Aunque a veces, cuando escuchamos las noticias nacionales e internacionales, en las que con estupor, conocemos genocidios y asesinatos en muy diversos lugares del mundo, uno siempre tiene la tendencia a pensar que cualquier tiempo pasado fue mejor. Pero no es exactamente cierto; por desgracia la historia de la humanidad es la crónica de la imposición del más fuerte sobre el más débil. Y esta percepción no es nueva, ya en el siglo I a.C. el historiador griego Dionisio de Halicarnaso aseguro que esta dinámica constituía una ley de la naturaleza que nada ni nadie podría cambiar. Y es que la guerra, las conquistas, los asesinatos y los robos han sido una constante en la historia de la humanidad. En este sentido ha llegado a escribir Robert Ardrey, con grandes dosis de pesimismo, que el hombre se diferenció del chimpancé cuando durante miles de años de evolución hizo del hecho de matar una profesión.
El caso que ahora traemos a colación no deja de ser una anécdota, es decir, una microhistoria, pero su lectura me ha provocado algunas reflexiones. El luctuoso suceso ocurrió en Hornachos un 14 de mayo de 1750 cuando un hombre fue asesinado a balazos en un baldío. En la partida de enterramiento conservada en la parroquial de la villa, el cura anotó lo siguiente:
En la villa de Hornachos en catorce días del mes de mayo (de 1750) se enterró de caridad un hombre mozo que se hallaron muerto en el baldío de Trasierra por (en)cima del sitio que llaman de Peña Orduz en las rozas de los llanos de Antón.

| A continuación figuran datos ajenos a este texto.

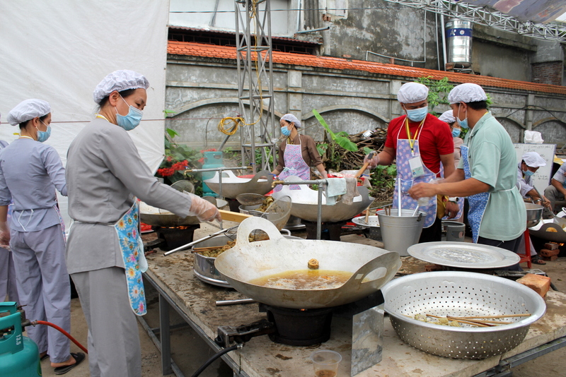 Do đóng tại khách sạn từ những hôm trước nên các Tiểu ban: Trai soạn, Hành đường, Y tế, Cơ động, Bảo vệ, v.v…đã không ngừng làm việc để phục vụ. Ngày nào cũng từ 4h00” sáng cho đến rất khuya tại khu bếp nấu ăn, các cô chú Phật tử trong các Tiểu ban dưới sự điều phối của Chư Tăng Ni Thiền Tôn Phật Quang đã miệt mài xắt – gọt – nấu nướng, chế biến bao món ăn ngon, bổ dưỡng, hợp vệ sinh nhằm phục vụ cho khách tham dự.

No se conoció por decir tenía el rostro desollado, el pelo negro crespo y cortado a la moda, una señal en la mano izquierda como de carbunco o quemadura en la palma de afuera y otras señales que constan de los autos que la justicia ha formado a que me remito, el que mataron de un tiro que le entró por las espaldas con dos balas y dos postas. Se le hizo un oficio de tres lecciones y misa cantada de cuerpo presente y lo firmé. Pedro José Ortiz Ortega. (Libro de defunción de la parroquial de Hornachos, C.C.S.A. microfilm 454, fol 94r).

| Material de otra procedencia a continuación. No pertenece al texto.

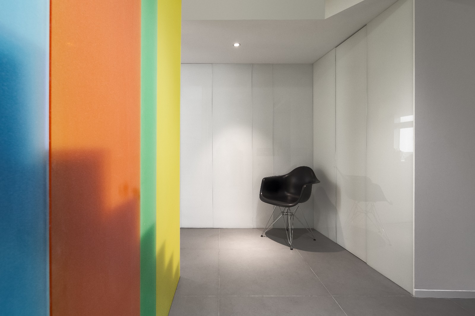 沿着转折的烤漆玻璃墙绕过楼梯,左边是紧靠大楼窗户的员工区,右侧轻推一块门洞大小的玻璃墙,原来样品间兼会议室藏于此处。隐藏设计功能区的目的是规避众多的样品布料给人凌乱无序的感觉,同时保证会议的绝对安静和不被干扰。

Como puede observarse el pobre muchacho no sólo fue asesinado por la espalda, sino que su asesinó se encargó de desollarle la cara para que no pudiese ser reconocido. El crimen, obviamente, jamás se resolvió, ni el hombre fue identificado ni menos aún su asesino. Y es que quedaban más de dos siglos para que se descubriera eso que hoy llamamos las pruebas de ADN, que tanta justicia hacen y que tanto contribuyen a esclarecer crímenes.
Como ya he dicho, el dato no tiene la menor importancia, pero creo que nos puede servir para reflexionar sobre el pasado y el presente del hombre, donde la envidia, la venganza y el crimen han sido desgraciadamente omnipresentes. Y es que como dijo un filósofo decimonónico, la felicidad son páginas en blanco dentro de la Historia. Esperemos que algún día sobrevenga una revolución, la revolución ética que la humanidad necesita para su propia supervivencia.